That is why I suggested reporting this issue into the qemu gitlab issues web page as it would then get reviewed by the qemu devs who should be expert enough to help.

pablo78 · 16 October 2023 13:31

Can anyone do anything with these messages popping up in my VMs console.

bonnietwin · 16 October 2023 14:03

As I said I am not an expert but my interpretation of lines like

“unless rcu_sched kthread gets sufficient CPU time” and
"rcu_sched kthread starved for 90679 jiffies!

is that something else is hogging the cpu time and preventing qemu from getting sufficient or maybe any access to the cpu processing.

I would install the htop addon and have a look at what program is consuming the largest chunk of that cpu time.

It could also still be something from qemu.

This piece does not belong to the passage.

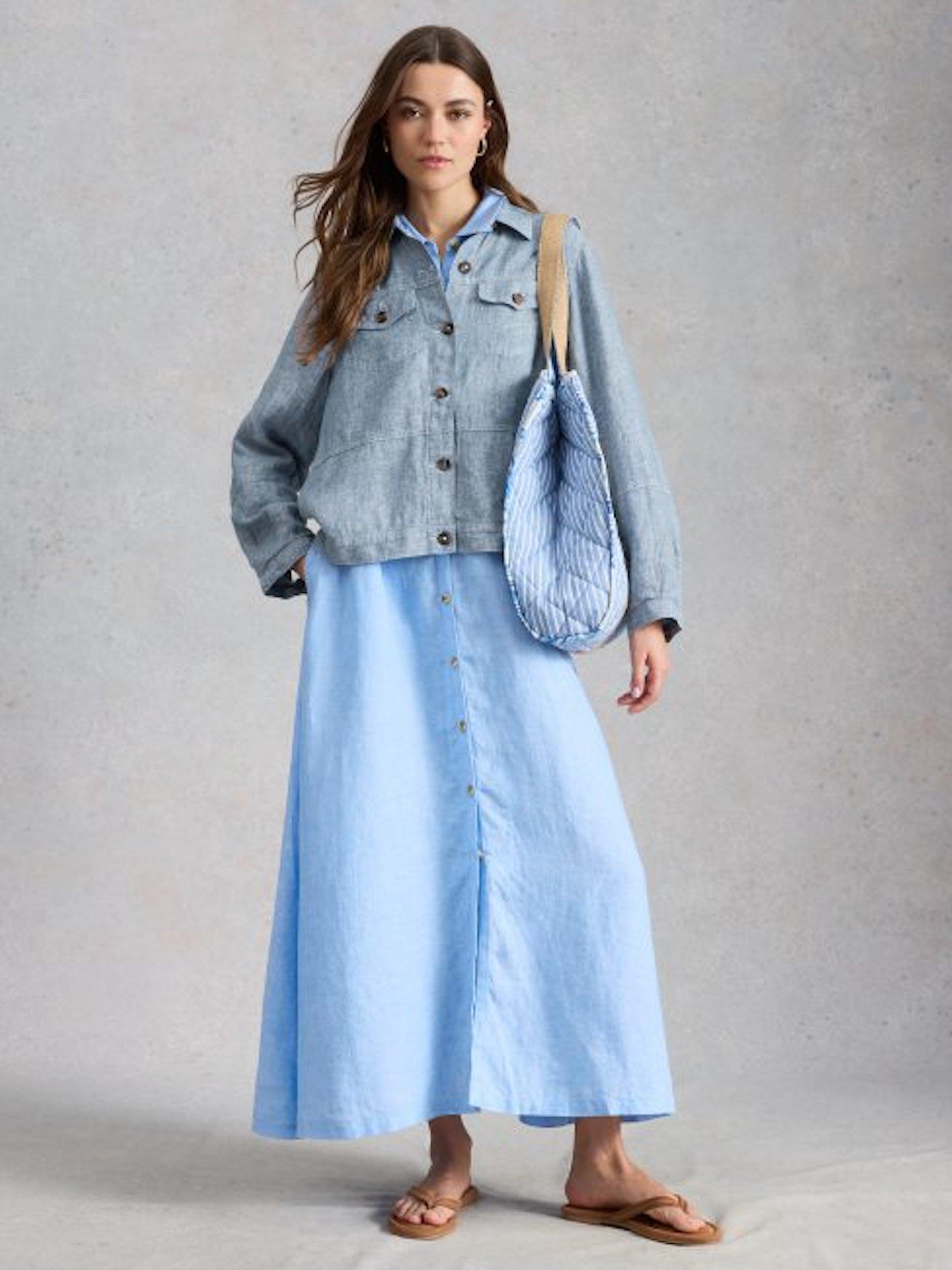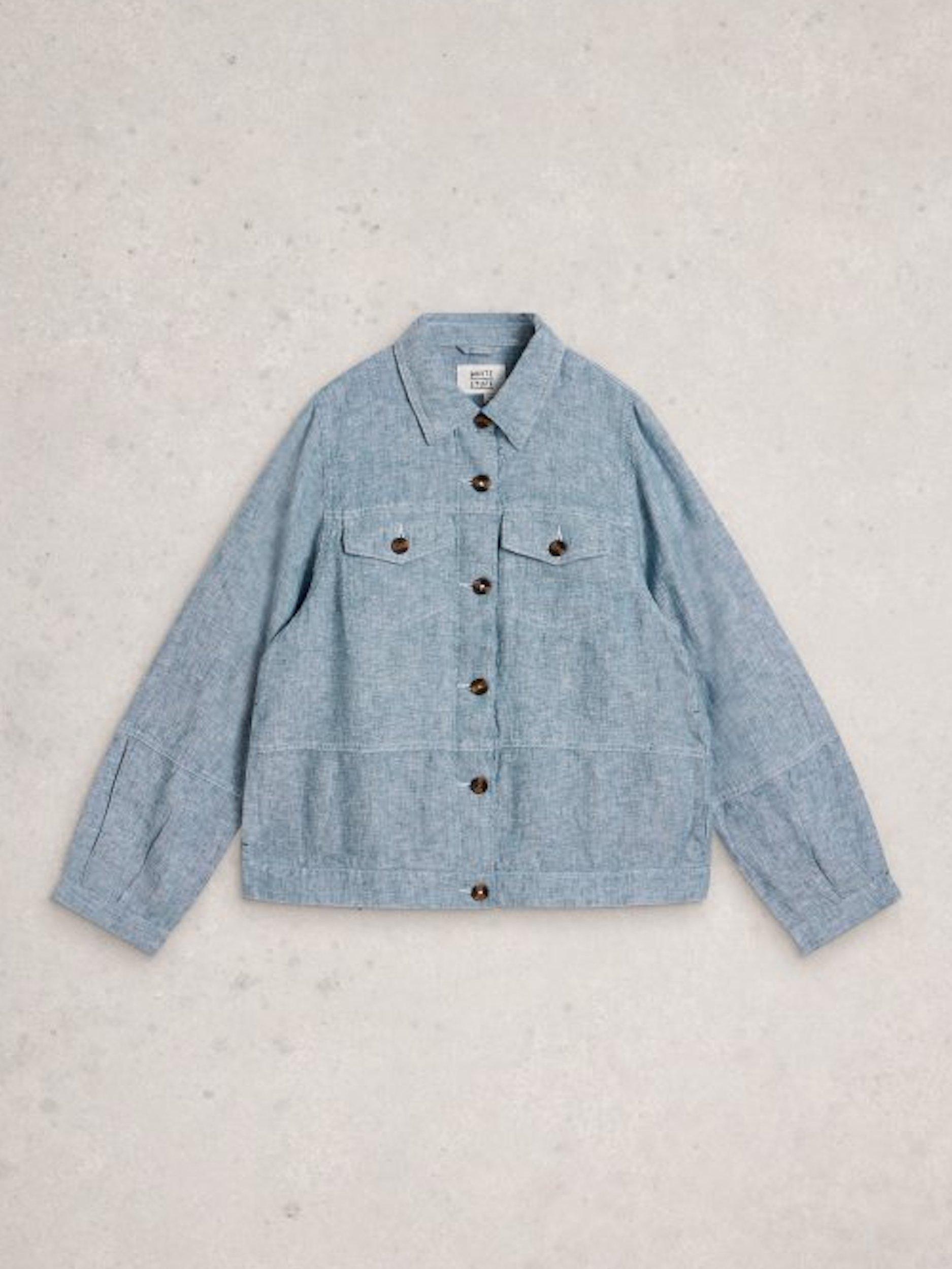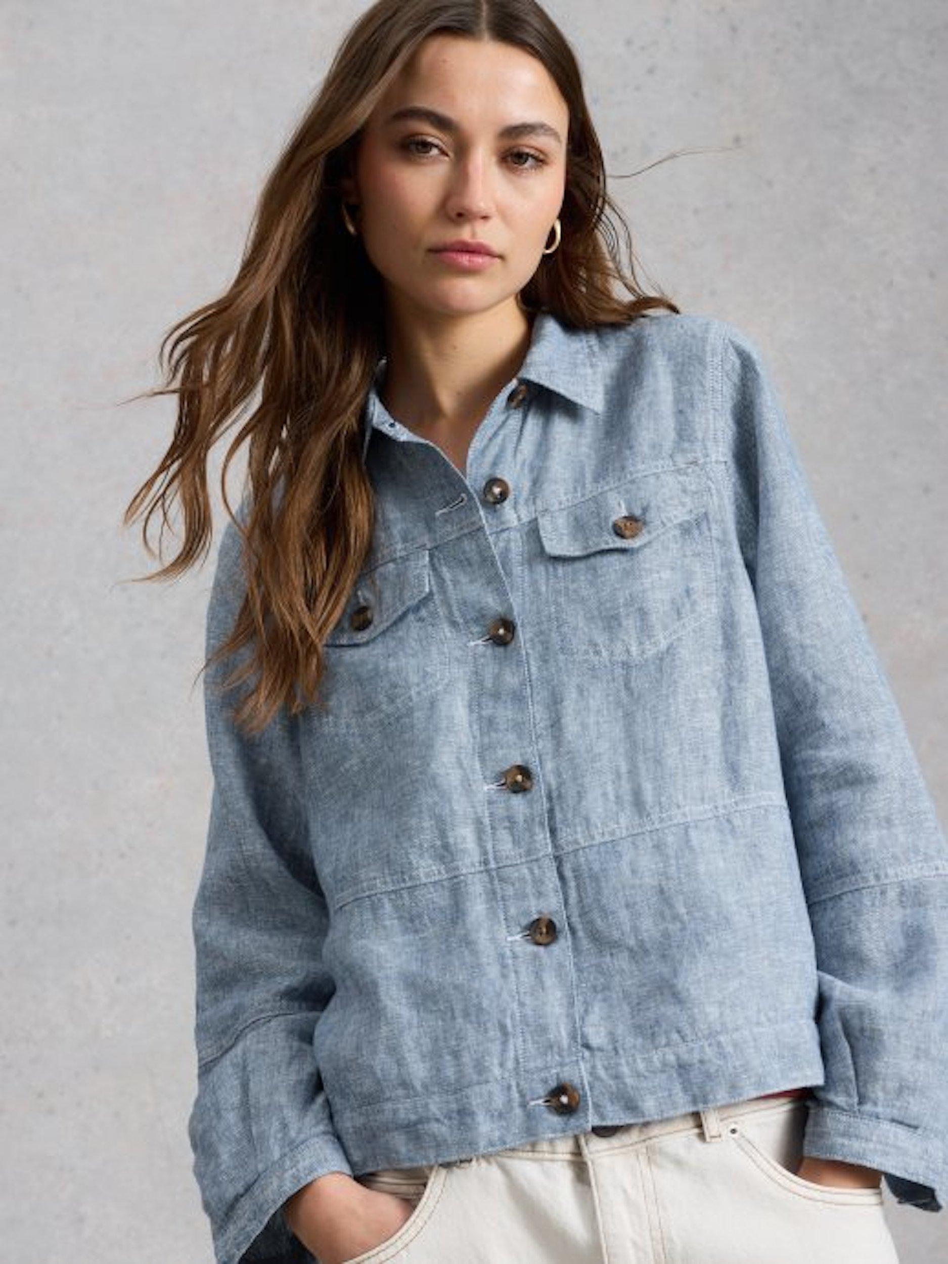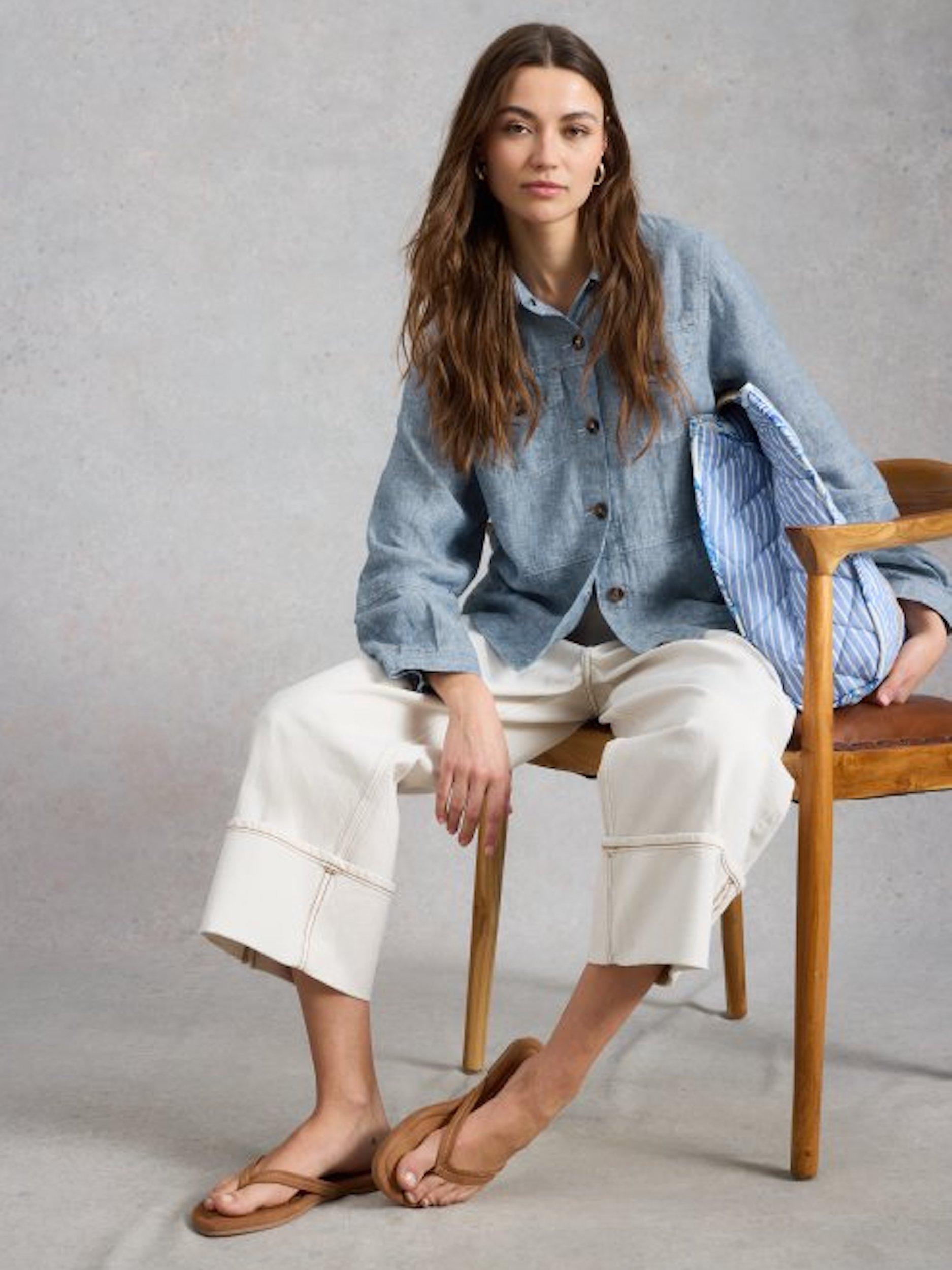 Framed with a collar neckline, it feels light and breathable in pure linen.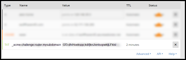 If you check out your DNS entries on CloudFlare while you wait you can see the TXT record that gets created to validate the DNS-01 challenge.

I found slightly similar rcu messages from an application called OPTEE. There they identified the problem to be coming from qemu when it was updated from 7.0.0 to 7.1.0 and was linked with commits in qemu interacting with changes in the kernel.

It is clearly not related to a kernel change here, as there wasn’t a kernel update in CU180 but could definitely still be qemu related.

It would be interesting to see what if it is qemu that is consuming the cpu time in some loop effect or if it is another package.

pablo78 · 16 October 2023 14:08

I will hopefully be able to place my question tonight in the gitlab portal you mentioned.

pablo78 · 17 October 2023 09:49

Hello

Yesterday I looked at the VMM and the XML configuration files of the VMs and there were unknown to me processor (Skylake-Client-noTSX-IBRS) settings set, but according to my backups were already longer so.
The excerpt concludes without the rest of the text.